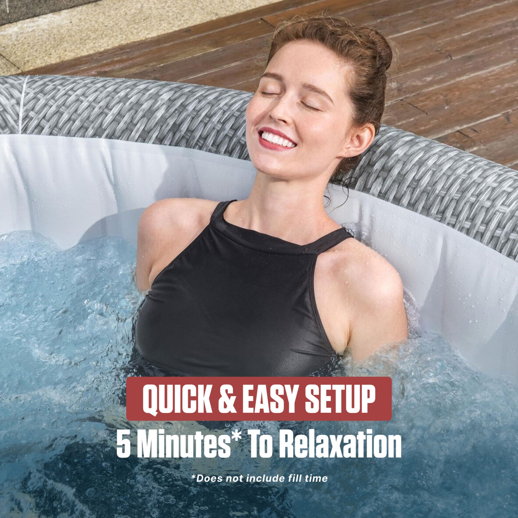 - Equipped with a pump that quickly inflates the spa, heats it up, runs filtration, and controls the massage system
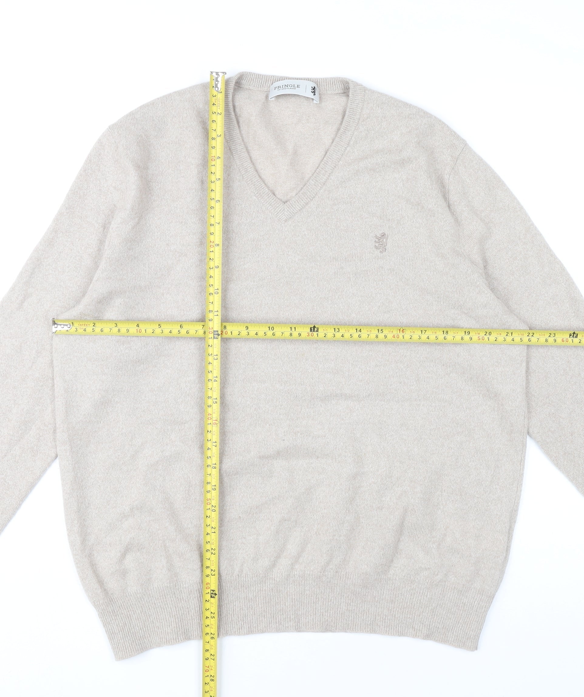 Pringle of Scotland Mens Beige Wool V-Neck Jumper L
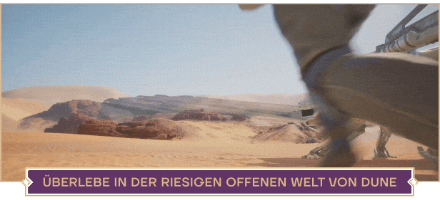ERKUNDE eine riesige offene Welt voller Schönheit und Gefahren. Gleite, klettere und durchquere Arrakis mit ikonischen Dune-Technologien wie Ornithoptern und Suspensorgürteln. Besuche die Zentren Arrakeen und Harko Village, um mit anderen Spielern zu sprechen und zu handeln.
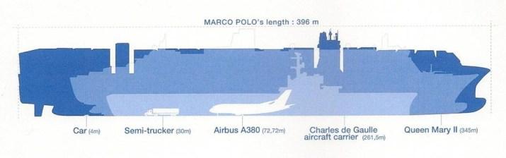 Construit au chantier naval sud-coréen de DSME (Daewoo Shipbuilding & Marine Engineering) dans la baie d'Okpo sur l'île de Goeje près de Busan, le Marco Polo est un navire monumental aux dimensions exceptionnelles : 396 mètres de long, 54 mètres de large, 16 mètres de tirant d'eau ? tout beau tout neuf, il sent encore la peinture fraiche ?. sept étages dont un est spécialement équipé de cabines pour recevoir des passagers apréciant un mode de transport très particulier ... plusieurs ponts ?. des couloirs fantomatiques qui s'étendent à l'infini ? des odeurs, du bruit et de la chaleur dans des salles des machines à l'échelle du reste du navire ? le plus surprenant ? Savoir que seules 25 personnes suffisent à opérer ce mastodonte ... un équipage croate et philippin sur un navire construit en Corée du Sud battant pavillon britannique appartenant à une entreprise française pour transporter des produits chinois vers le reste du monde, existe-t-il plus bel exemple de mondialisation ?!

+++

_Task_
This task calls for the listing to be restated exactly, with images omitted.

_The answer_
 - Equipped with a pump that quickly inflates the spa, heats it up, runs filtration, and controls the massage system
 Pringle of Scotland Mens Beige Wool V-Neck Jumper L
ERKUNDE eine riesige offene Welt voller Schönheit und Gefahren. Gleite, klettere und durchquere Arrakis mit ikonischen Dune-Technologien wie Ornithoptern und Suspensorgürteln. Besuche die Zentren Arrakeen und Harko Village, um mit anderen Spielern zu sprechen und zu handeln.
 Construit au chantier naval sud-coréen de DSME (Daewoo Shipbuilding & Marine Engineering) dans la baie d'Okpo sur l'île de Goeje près de Busan, le Marco Polo est un navire monumental aux dimensions exceptionnelles : 396 mètres de long, 54 mètres de large, 16 mètres de tirant d'eau ? tout beau tout neuf, il sent encore la peinture fraiche ?. sept étages dont un est spécialement équipé de cabines pour recevoir des passagers apréciant un mode de transport très particulier ... plusieurs ponts ?. des couloirs fantomatiques qui s'étendent à l'infini ? des odeurs, du bruit et de la chaleur dans des salles des machines à l'échelle du reste du navire ? le plus surprenant ? Savoir que seules 25 personnes suffisent à opérer ce mastodonte ... un équipage croate et philippin sur un navire construit en Corée du Sud battant pavillon britannique appartenant à une entreprise française pour transporter des produits chinois vers le reste du monde, existe-t-il plus bel exemple de mondialisation ?!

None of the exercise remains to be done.